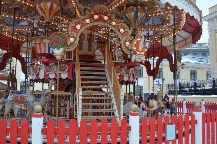 На Кленовой улице расположилась двухэтажная карусель, которая движется под музыку балета Чайковского, и бесплатный каток.
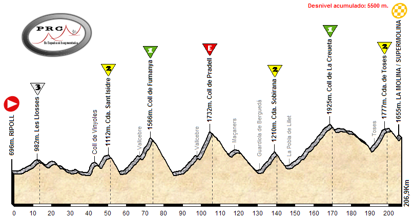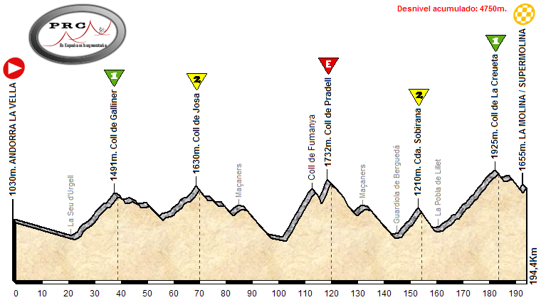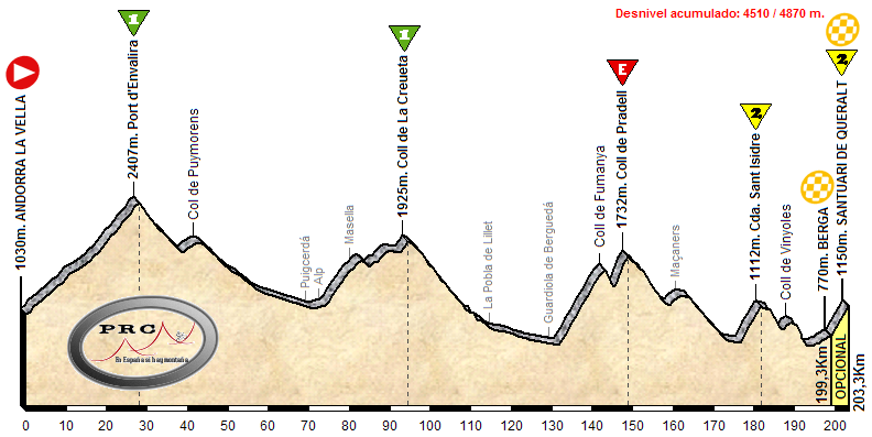 Esta  etapa se inicia en un clásico del ciclismo como es Andorra, y ya desde el primer Km. hay que empezar a subir los 1370m. de desnivel del Port d’Envalira para coronar por encima de los 2400m. de altitud. Una eterna y tendida bajada atravesando Francia por unos kilómetros, incluyendo el repecho de Puymorens, nos lleva a Puigcerdá y Alp para ascender entonces al Col de la Creueta por la carretera de La Masella, un puerto con un inicio duro y una parte final donde se crestea alternando subidas y bajadas. De nuevo otra larga bajada, en este caso más técnica, nos lleva al inicio del punto clave de la jornada donde se debe romper la carrera, Pradell por Fumanya. Otra bajada más con un repecho no puntuable, el de Maçaners, nos lleva a afrontar sin respiro las fuertes rampas de la Collada de Sant Isidre. Pero las complicaciones siguen, en este caso con un descenso complicado con tramos de fuerte pendiente, en especial pasado el repecho del Coll de Vinyoles.
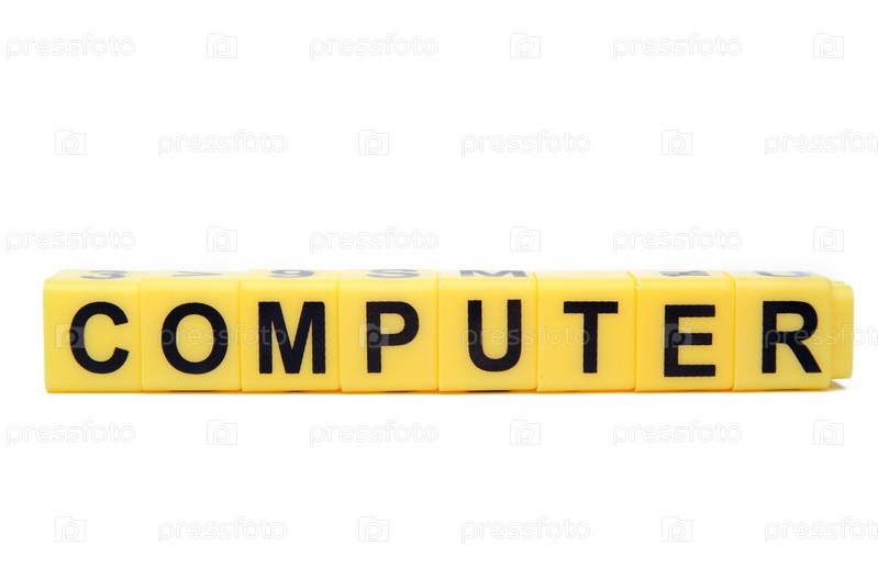 Желтые кубики со словом 'компьютер'
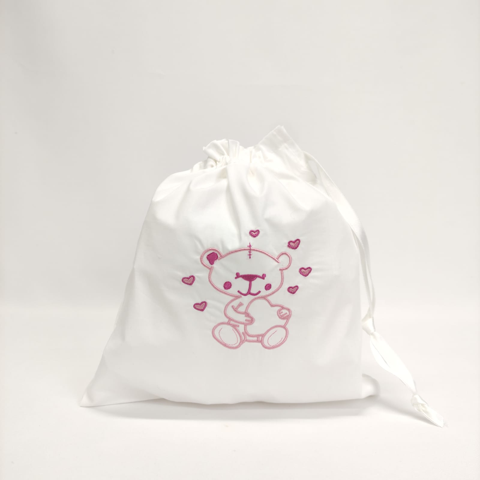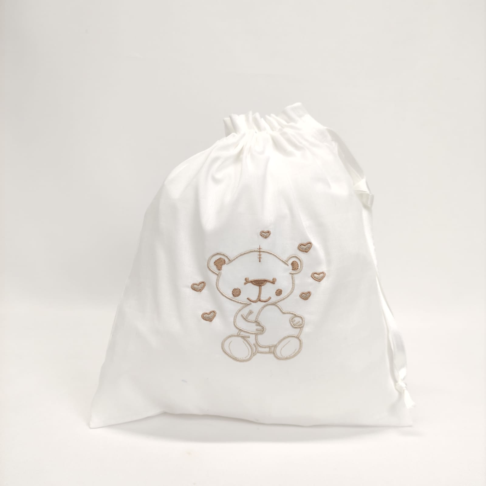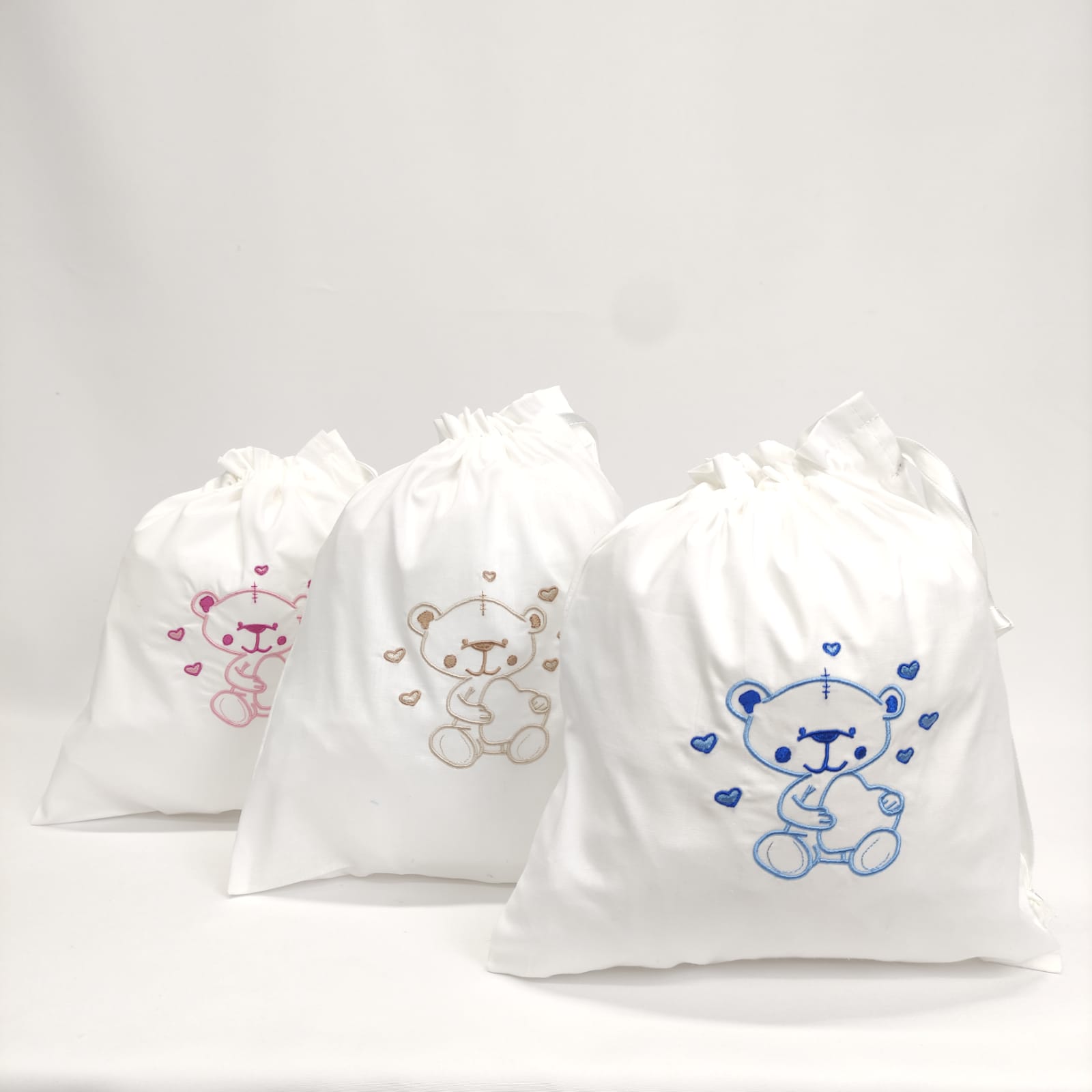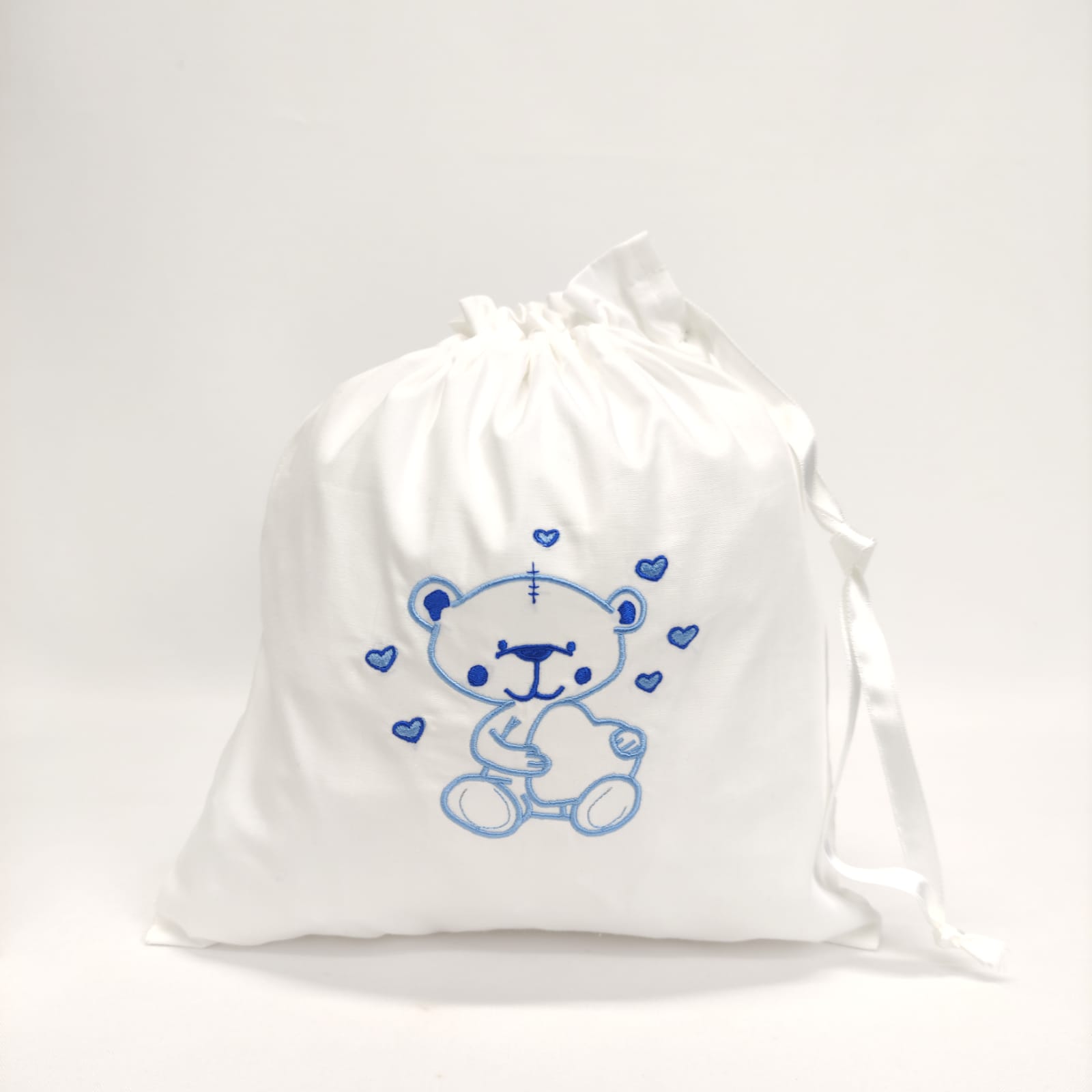 Saco em 100% algodão, com bordado infantil, ideal para transportar os bens pessoais do seu bebé. Bordado disponível na cor azul, bege e rosa.
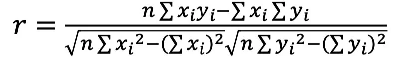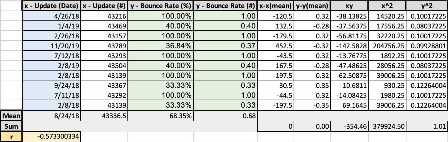 This is the formula I followed to solve for r, the Pearson Correlation, that measures a linear dependence between x and y. In this case, date and bounce rate.

══════════

> _Activity_
Find the line with "Saco em 100%". Return it and each line after it through the end of the data, exactly, without pictures.

> _Written answer_
 Saco em 100% algodão, com bordado infantil, ideal para transportar os bens pessoais do seu bebé. Bordado disponível na cor azul, bege e rosa.
 This is the formula I followed to solve for r, the Pearson Correlation, that measures a linear dependence between x and y. In this case, date and bounce rate.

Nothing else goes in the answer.